Joseph was kayaking on the Hudson River. While looking at the Breakneck Ridge trail-head, he lost a whole bag of donuts. Joseph didn’t realize he had lost it for fifteen minutes. That’s when he turned back and started going in the opposite direction. When he found the bag, which was going at the speed of the Hudson’s current, it was two miles from the Breakneck Ridge trail-head.
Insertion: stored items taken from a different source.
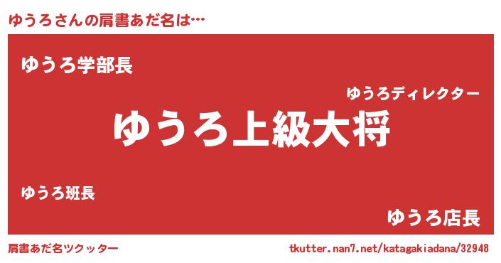 | 女子向けラノベタイトル風あだ名 | 『ゆうろの玉の輿計画!』『ゆうろ恋絵巻』 |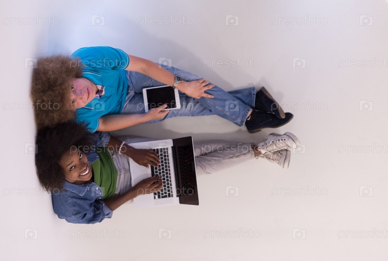 Многонациональная пара сидит на полу с гаджетами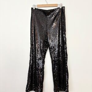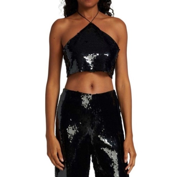 Black glitter 2 piece set featuring a halter top and mid rise crop flare pants, fully lined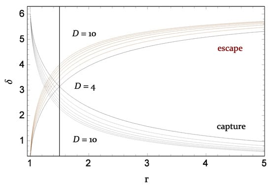 The zeros of a polynomial on the right-hand side of (32) represent the turning points. As in the case of the capture of photon in the previous section, from a shape of the effective potential in Figure 1 it is easy to realize that depending on the energy of the particle, there can be up to two turning points and one of the three scenarios presented in the previous section can occur. Again, the critical impact parameter corresponds to the case with one turning point where two turning points merge. The two turning points merge only if the discriminant of the polynomial on the right-hand side of (32) vanishes. Again, to find the discriminant, we apply the Sylvester matrix for the resultant polynomial. In our case, the Sylvester matrix is the one with a size of . Unfortunately, we could not solve the determinant of this matrix for the arbitrary dimension. Therefore, we solve them by specifying the dimensions of the spacetime below.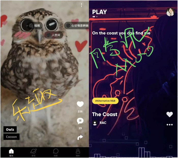 从社交的逻辑上来看,MOO与乐趣之间的差别很大。前者着重于音乐本身,后者更强调音乐和社交之间的结合。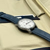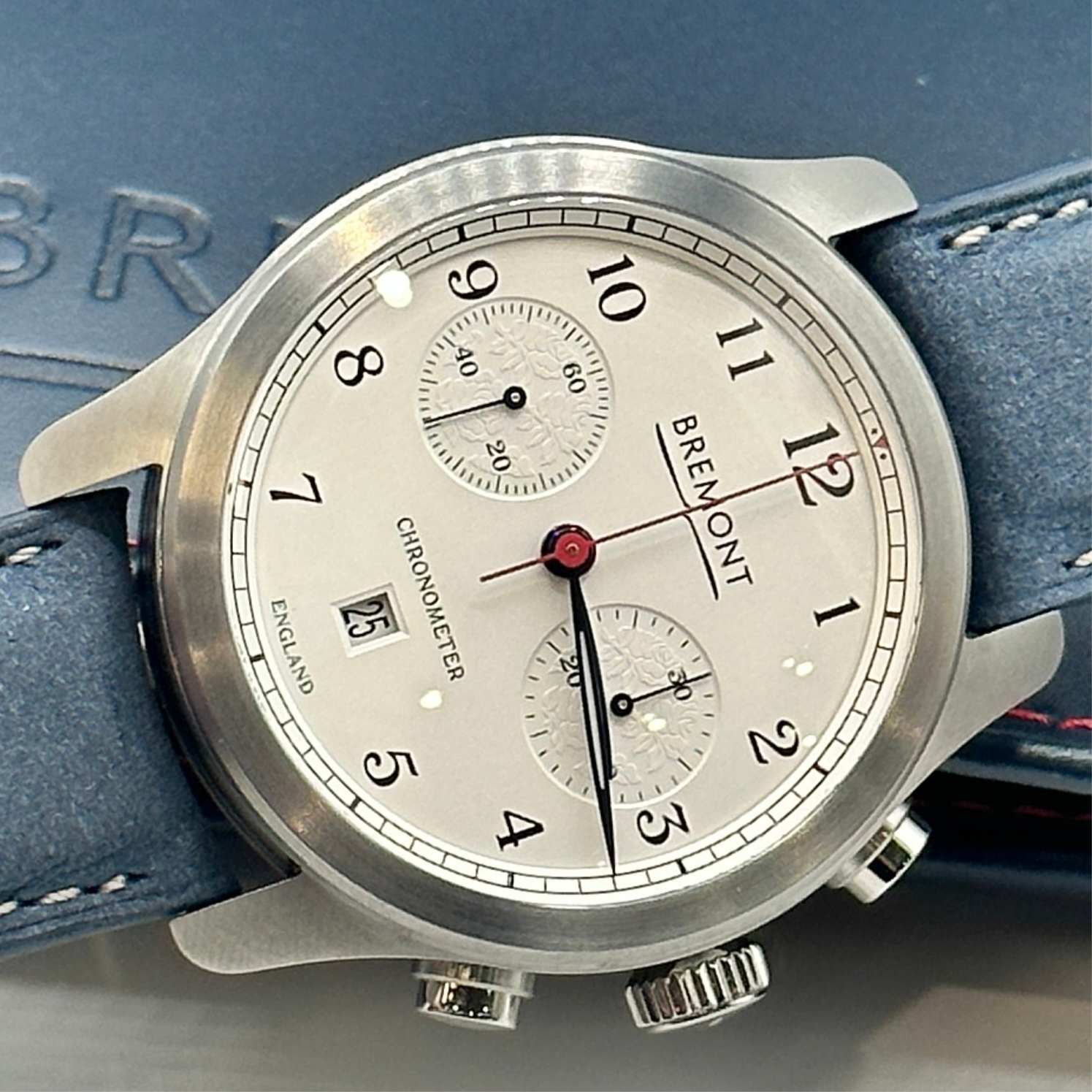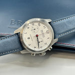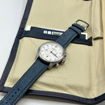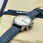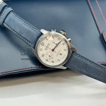 The Bremont ALT-1C Rose - a tribute to England's rugby team - boasts a 43mm satin and polished stainless steel case, following the brand's signature Trip-Tick design. The crisp white dial features the iconic England Rose subtly embossed on the sub-dials, and 'England' rather than 'London' at the 6 o'clock position. Blued hands and a red chronograph hand ensure legibility, and complement the mid-blue nuebuck leather strap. Powered by an automatic chronometer-rated movement, functions include a date at 6 o'clock, and a 30-minute sub-dial at 3 o'clock. Water-resistant to 100 metres, it is suitable for everyday wear.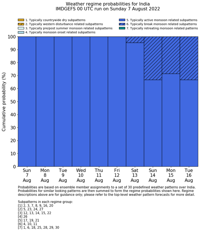 | Weather patterns typically associated with break monsoon tendencies over India are most likely Weather patterns 4, 10 and 11 (break) | |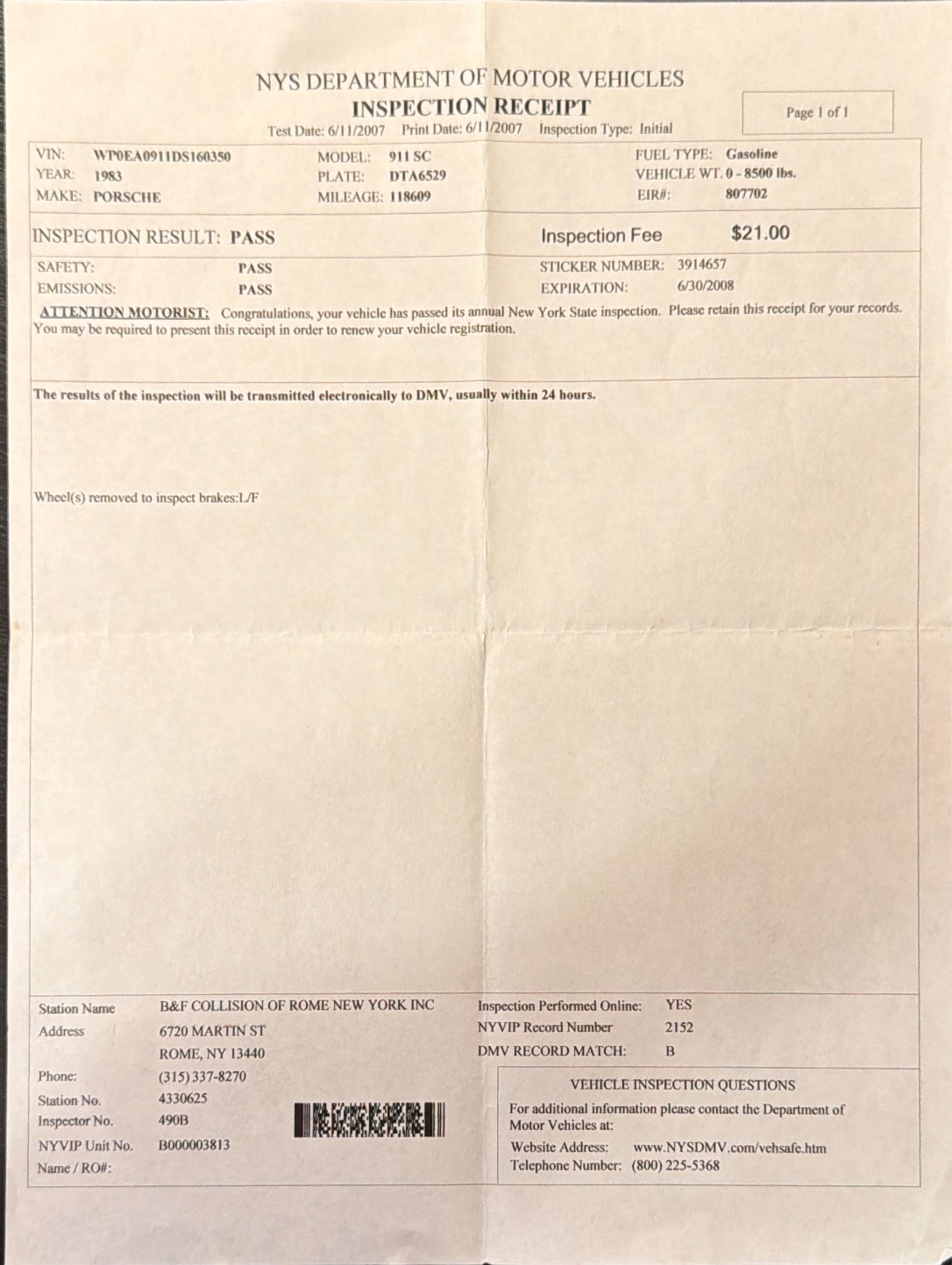 Vehicle Chiffon 911SC Read more about Chiffon 911SC Odometer 118,609 Maintenance Date 06/11/2007 Maintenance Summary NYSI Maintenance Images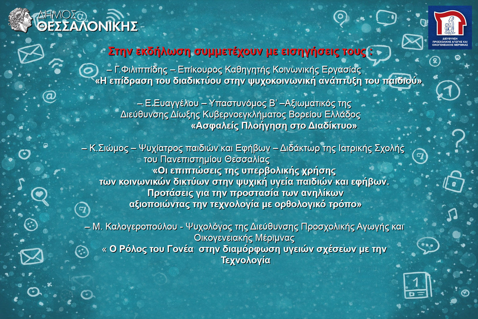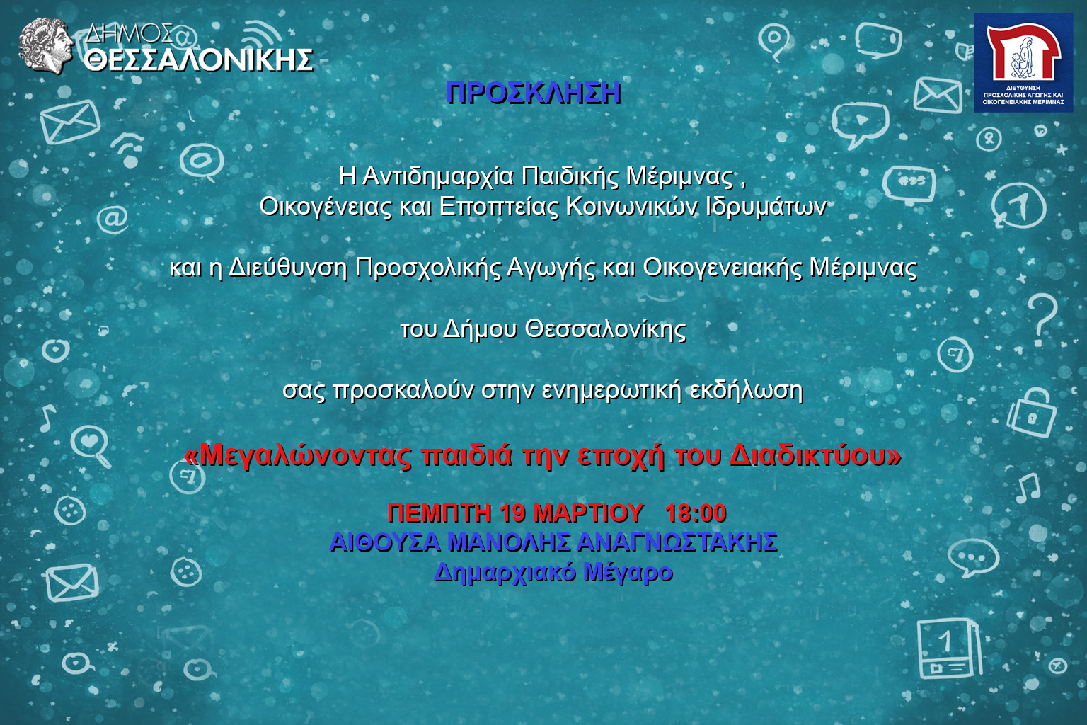 Ο Δήμαρχος Θεσσαλονίκης Στέλιος Αγγελούδης, ο Αντιδήμαρχος Παιδικής Μέριμνας, Οικογένειας και Εποπτείας Κοινωνικών Ιδρυμάτων, Γεώργιος Αρβανίτης και η Διεύθυνση Προσχολικής Αγωγής και Οικογενειακής Μέριμνας, σας προσκαλούν στην ενημερωτική εκδήλωση με τίτλο «Μεγαλώνοντας παιδιά την εποχή του Διαδικτύου».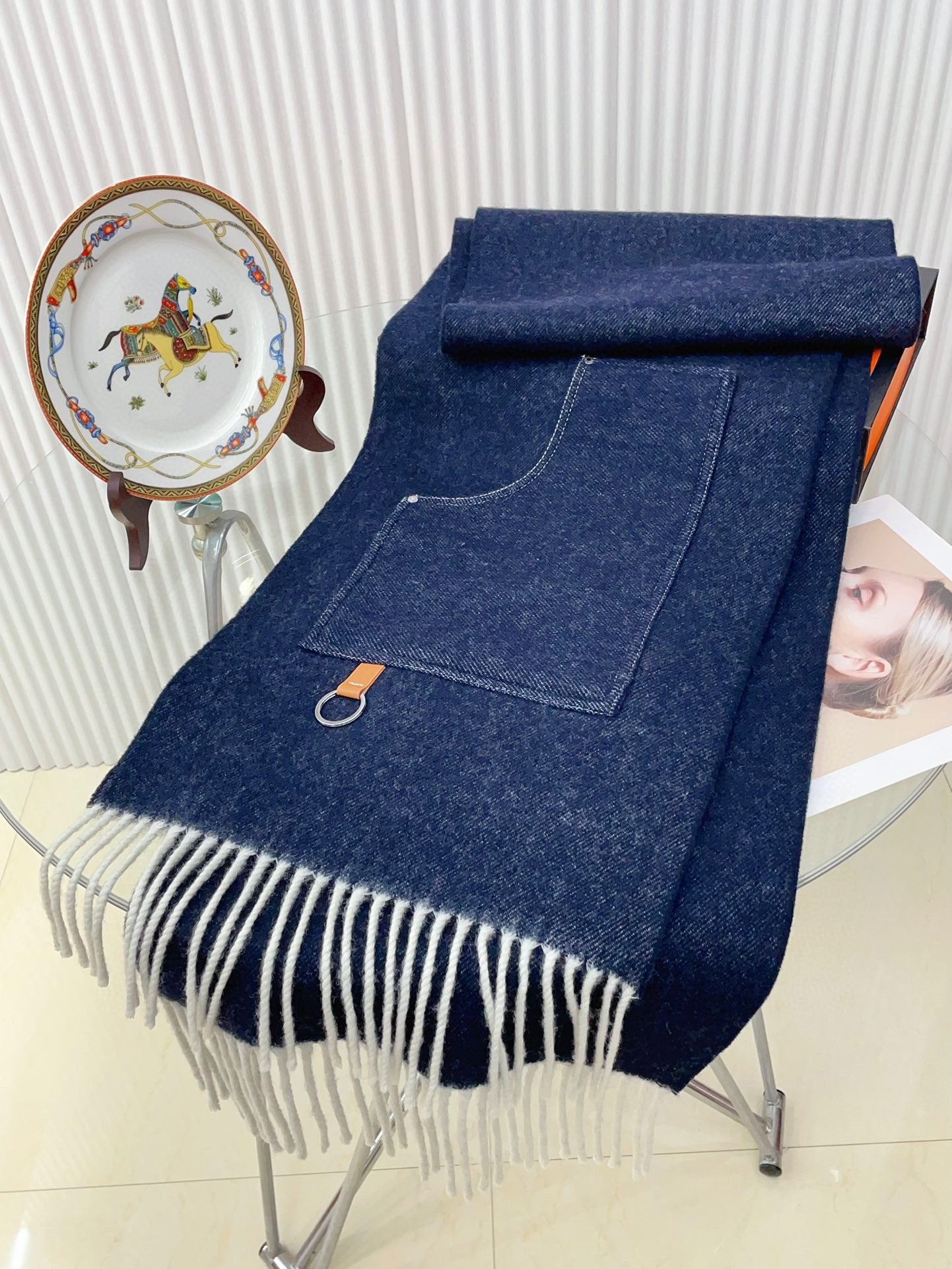 BBR Double-Sided Scarf 190CM Dark Blue Cashmere 293314

What is the speed of the current in the Hudson River?

Guest May 23, 2023

#1**0 **

Let x be the speed of Joseph's kayak and y be the speed of the current.

We know that Joseph was kayaking for 15 minutes and that the bag was 2 miles away from the Breakneck Ridge trail-head when he found it.

This means that Joseph traveled 15x miles and the bag traveled 15y miles.

We also know that the bag was carried downstream by the current, so the distance it traveled is equal to the distance it would have traveled if Joseph had been kayaking in the opposite direction for 15 minutes.

This means that 15y = 15x - 2

Solving for y, we get y = x - 2/3

Therefore, the speed of the current in the Hudson River is x - 2/3 = 2 - 2/3 = 4/3 miles per hour.

So the answer is 4/3

Guest May 23, 2023

#2**0 **

let his speed upstream=S

Let the speed of the current=C

Let the distance he covered paddling upstream=D

D / [S - C] = 15/60,

[D + 2] / [S + C]==[D+2] /C,

[2 - D] / C ==15/60, solve for C, D, S

**C==4 mph - speed of the current**

S ==8 mph - his speed in still water

D==1 mile - upstream from the Ridge when he realized he had lost his donuts.

Guest May 24, 2023